_EXERCISE REQUIREMENTS:_ Reproduce the opening lines of the listing below exactly, stopping after the line that contains "Sterling Pink Quartz, Tourmaline" and leaving out any pictures.

-------- INFORMATION SUPPLIED --------

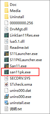 1、下载解压后,直接点击san11pk开始游戏;
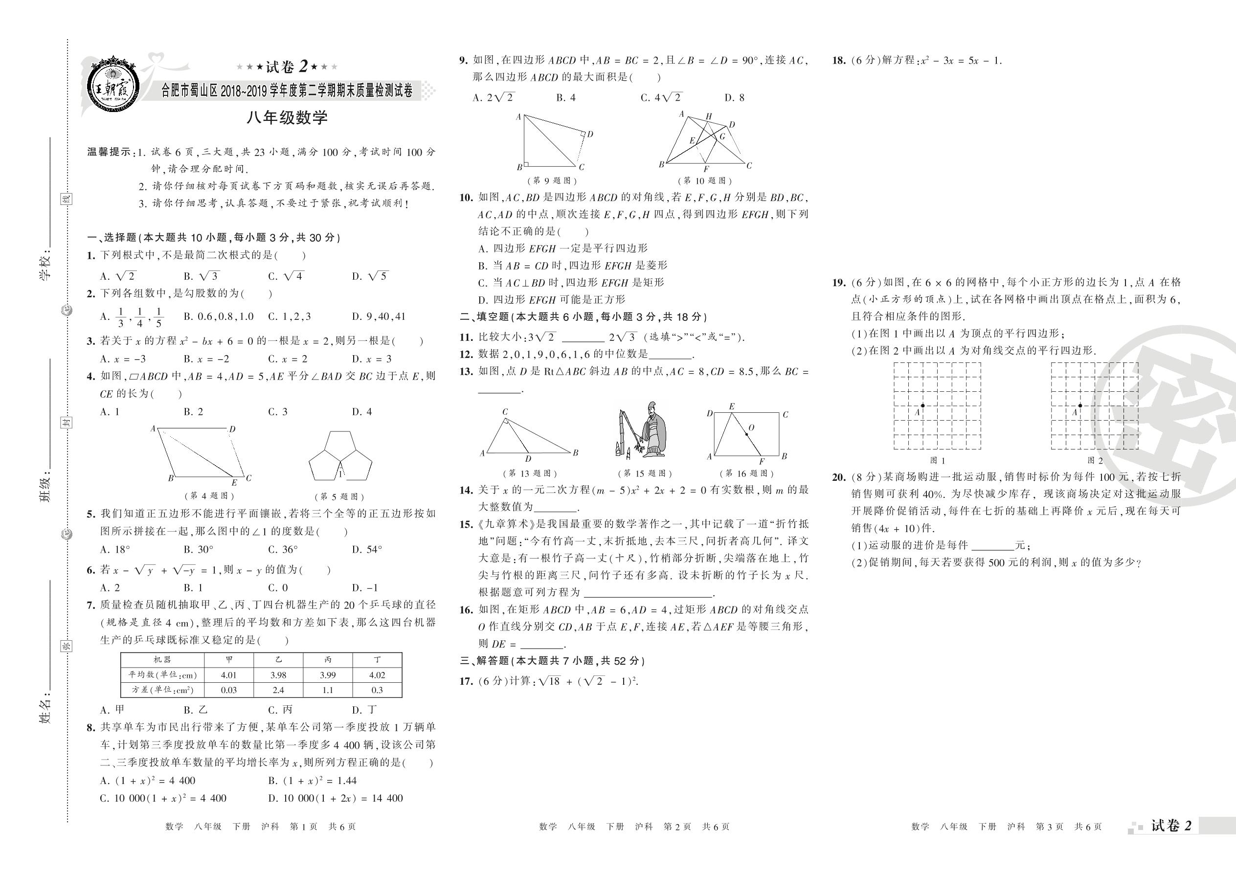 2018-2019学年第二学期合肥市蜀山区八年级数学试卷(沪科版)【2】
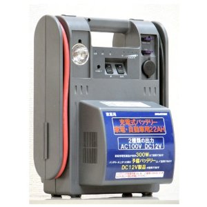 家庭用AC100V機器が屋外で使用できるポータブル電源。300Wまでの機器が使用できる。容量は22Ahで、例えば100Wの29インチ液晶テレビでも、2時間程度使用可能。サーチライト付き。
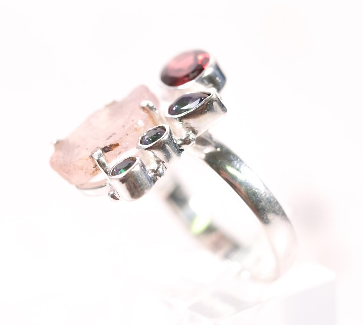 Sterling Pink Quartz, Tourmaline & Garnet Ring. Size 9.5. Stamped 925. Weighs approx. 5.6 grams.
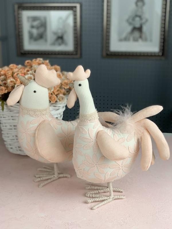 Фигурка "Бодняя курица", 35 см-590 грн. Фигурка "Бодняя курица", 33 см-550 грн. Текстильная курица - это отличный вариант декора на Пасхи и не только! Курочка необычайной красоты и качественного исполнения будет радовать глаз целый год. Также эта мягкая игрушка - милый подарок для близких и детей! Курочка имеет розовый цвет, декоративный наряд в виде цветков и пушистые перья. Хвостик гнучкий. Фигурка устойчивая.
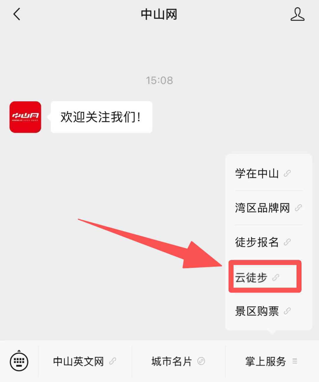 方式二:關(guān)注“中山網(wǎng)”微信公眾號(hào),點(diǎn)擊菜單欄-掌上服務(wù)-云徒步,開(kāi)展云徒步之旅。
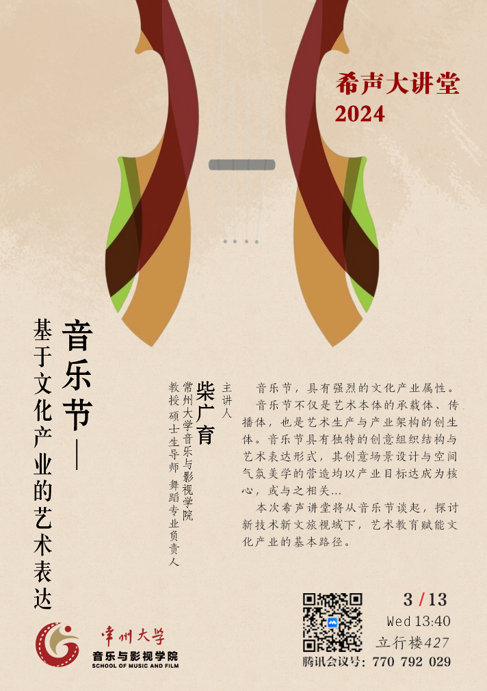 此次讲座主讲人柴广育,国产探花 国产探花 舞蹈专业负责人,教授,硕士生导师,中国音乐家协会会员,中国少数民族音乐学会会员,全国普通高校艺术与科技创新发展联盟副理事长兼秘书长。讲座中,柴广育首先从不同形式、不同命名方式的音乐节谈起,表明了音乐节的文化产业属性,阐述了音乐节与产业经济目标达成的内在逻辑,然后分享了2023年度文化产业的十大特征及2024年度文化产业的十大趋势预测,最后他通过分享在广东南海西樵村、东莞市文化馆非遗展厅、东莞市国际潮玩生产基地展厅等地的考察学习经历,探讨了新技术新文旅视域下,艺术教育赋能文化产业的基本路径。

--------

_EXERCISE SOLUTION:_
 1、下载解压后,直接点击san11pk开始游戏;
 2018-2019学年第二学期合肥市蜀山区八年级数学试卷(沪科版)【2】
 家庭用AC100V機器が屋外で使用できるポータブル電源。300Wまでの機器が使用できる。容量は22Ahで、例えば100Wの29インチ液晶テレビでも、2時間程度使用可能。サーチライト付き。
 Sterling Pink Quartz, Tourmaline & Garnet Ring. Size 9.5. Stamped 925. Weighs approx. 5.6 grams.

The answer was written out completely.